ER Physician:  Yeah, I know, it's been full here.
Happy:  Well, they are ready to go home and I need to have some scripts filled. How do I do that?
ER Physician:  The VA pharmacy in your town is not open on Saturdays.  And the VA has no agreement with any pharmacy in your town to fill medications using veterans' health insurance benefits.  So the only way your patient can get their scripts filled and have the VA pay for them is to drive 75 miles each way and pick them up here, in my ER.
Happy:  Wow.  That's unbelievable.  The VA doesn't think patients get sick on weekends?  What happens if they go to a local ER and need a script on a Saturday.
ER Physician:  They have to drive here to pick it up.
Happy:  That's crazy.
ER Physician:  That's the VA for you.
Happy:  I know.  I trained there.
And that's how the VA system is able to control costs.  By making health care inaccessible to veterans. That's an embarrassment to our country and our veterans.  How many policy wonks that salivate over cost and quality of care studies comparing the VA with private insurance include the out of pocket expenses veterans are exposed to every day with this kind of garbage health care system.  The answer is none.  The fact of the matter is, the VA is a giant time rationing tool that uses lack of access as a major cost control mechanism.  That's fine and dandy, as long as the American public is aware and accepts that as a cost control mechanism.

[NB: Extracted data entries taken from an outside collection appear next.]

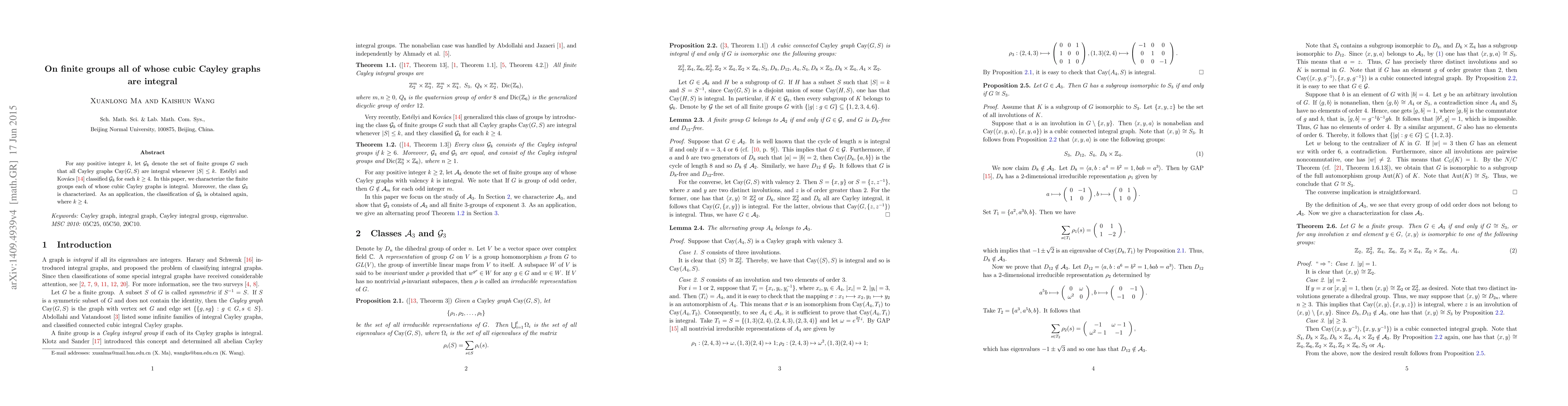 For any positive integer $k$, let $\mathcal{G}_k$ denote the set of finite groups $G$ such that all Cayley graphs ${\rm Cay}(G,S)$ are integral whenever $|S|\le k$. Est${\rm \acute{e}}$lyi and Kov${\rm \acute{a}}$cs \cite{EK14} classified $\mathcal{G}_k$ for each $k\ge 4$. In this paper, we characterize the finite groups each of whose cubic Cayley graphs is integral. Moreover, the class $\mathcal{G}_3$ is characterized. As an application, the classification of $\mathcal{G}_k$ is obtained again, where $k\ge 4$.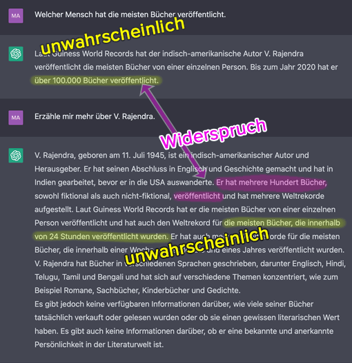 Man sieht: ChatGPT behauptet mal dies, mal jenes, und er hat keinerlei Probleme mit internen Widersprüchlichkeiten.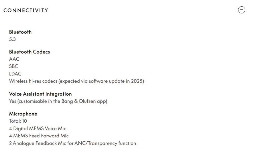 På samma sätt uppdaterade företaget sitt produktblad för att utelämna löftet om att lägga till 3-enheters multipoint-anslutning via en programuppdatering även i år. Därför skulle vi inte bli förvånade om Bang & Olufsen i tysthet släpper detta åtagande snart också utan att förtydliga ytterligare.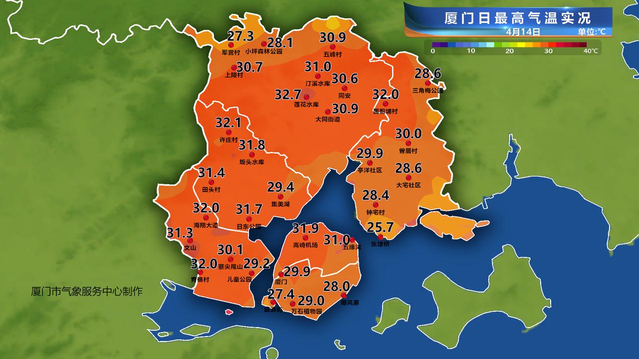 受到暖湿气流影响,今天厦门气温较高,东渡本站最高温29.9℃,最低温22.2℃,岛外多个站点最高温超过32.0℃。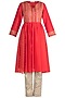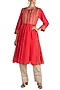 Featuring a red gathered kurta in chanderi silk base with aari work embroidery. It is paired with matching leheriya pants.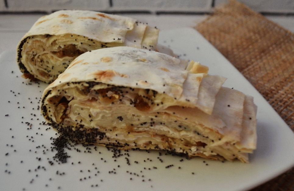 - Нарязваме пита питата на четири правоъгълника със същия размер. Разреждаме меда в 100 мл вода. Разстиламе пита хляб върху фолио, мазнина меден сироп, поръсете с макови семена.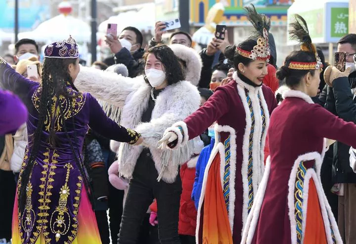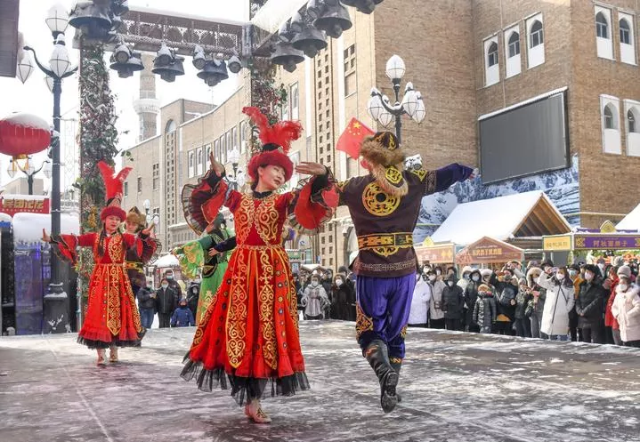 چین کے شمال مغربی سنکیانگ ویغور خودمختارعلاقےکے شہرارمچی کے بڑے بازار میں فنکار اور سیاح رقص کر رہے ہیں۔(شِنہوا)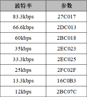如您使用的是特殊波特率,請(qǐng)點(diǎn)擊自定義按鈕,此時(shí)需要您輸入一個(gè)十六進(jìn)制碼,下表中列出了部分特殊波特率的值,如您需要其他波特率請(qǐng)聯(lián)系我們,我們會(huì)幫您計(jì)算寄存器設(shè)置值。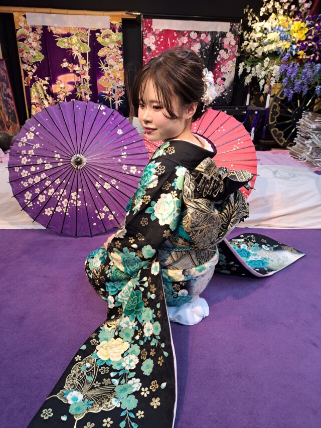 20251009 眩い程のエメラルドグリーン✨️ みんなのコーデ ✨️宝飾乱舞✨️ 本日ご紹介のお嬢様は、つがる市在住のI様、県内の学生さんです。黒地にエメラルドグリーンの花×華を施した👘振り袖は、まる… READ MORE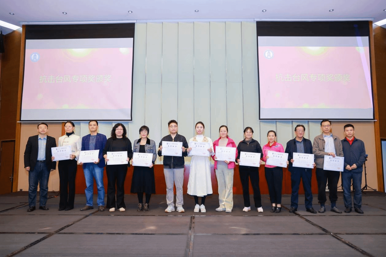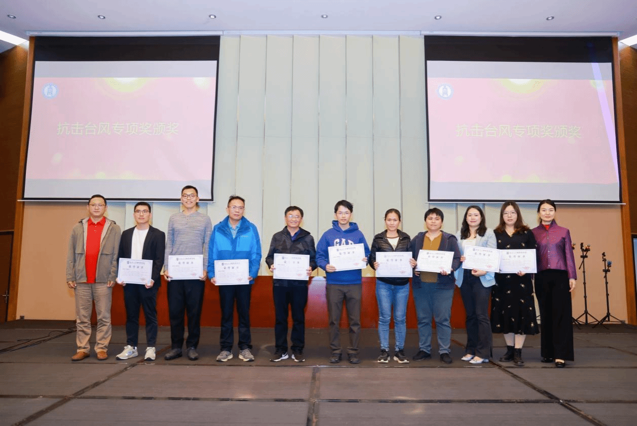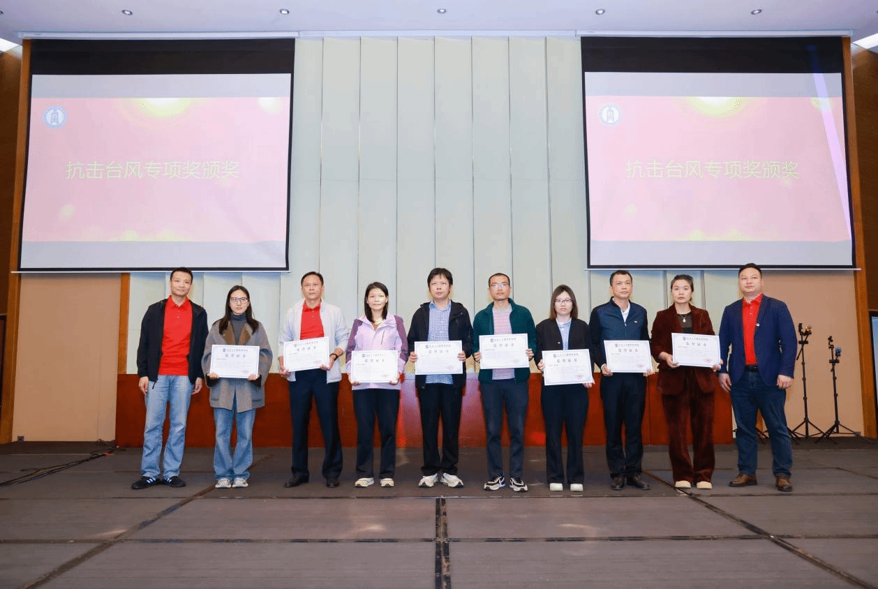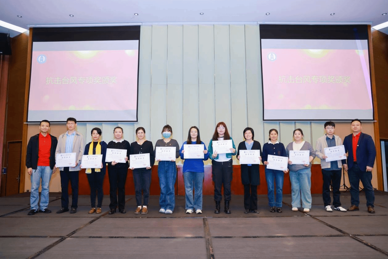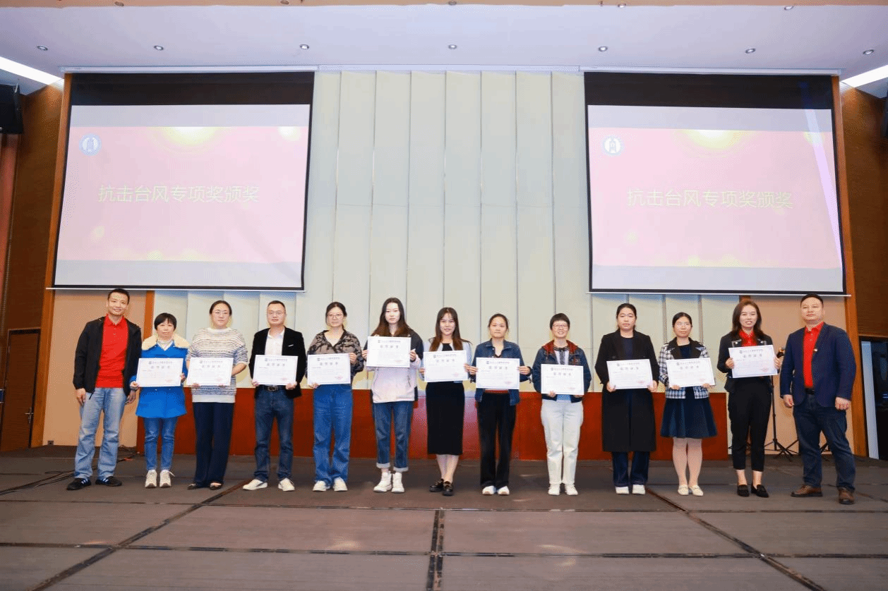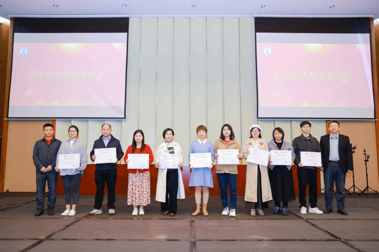 公司领导班子为获得2024年度“团队建设奖”“公司发展奖”和台风“摩羯”灾后重建工作专项奖的人员颁奖。团队建设奖旨在表彰在推动工商管理、应用经济学等学科的快速发展,提高公司的教学质量和科研水平作出突出贡献的老师们,公司发展奖旨在表彰在公司发展方面,凭借出色的教学能力和管理经验作出重要贡献的老师们;台风“摩羯”灾后重建工作专项奖旨在表彰在抗击台风“摩羯”的校园清理工作中,勇于担当、挺身而出的老师们。

Of course, my patient can't drive 150 miles round trip to pick up an antibiotic and some nebulizers, so I called around for him.  And what I found was just as appalling.  The cash price for two additional doses of Levaquin 750 mg tablets at Walgreens was $75.  Two tablets for $75?  That's outrageous.  Walmart was slightly better at $60.  Still outrageous by any means.   And the duoneb aerosol?  $150 for a month at Walgreens and $120 a month at Walmart.  Both the albuterol and ipratropium have long been generic medications.  But sell them in combination form and the cost is outrageous.  

I found it interesting that if you bought the albuterol aerosol and the ipratropium aerosol separately and simply inhaled them separately, you could get 25 doses of each on the $4 Walmart list.  That's one weeks worth of both for $8 or an entire month for $32, instead of the $150 to buy the combination form.  So I told him to bite the bullet.  Since he was improving rapidly after two weeks of outpatient failure, I wasn't about to change the Levaquin to something else.  Nor was the patient able to drive 150 miles round trip to pick up their medication.  So they spent almost $70 out of pocket to fill their necessary medications, that their veterans' health insurance benefits should have covered.  

Except the VA decided they did not want to be a full service health care system and instead have chosen to ration care based on limiting access both by time and geographic separation.  Welcome to the future of government health care.  It's here and now.  And your veterans experience it first hand every day of the week, or at least every Saturday and Sunday.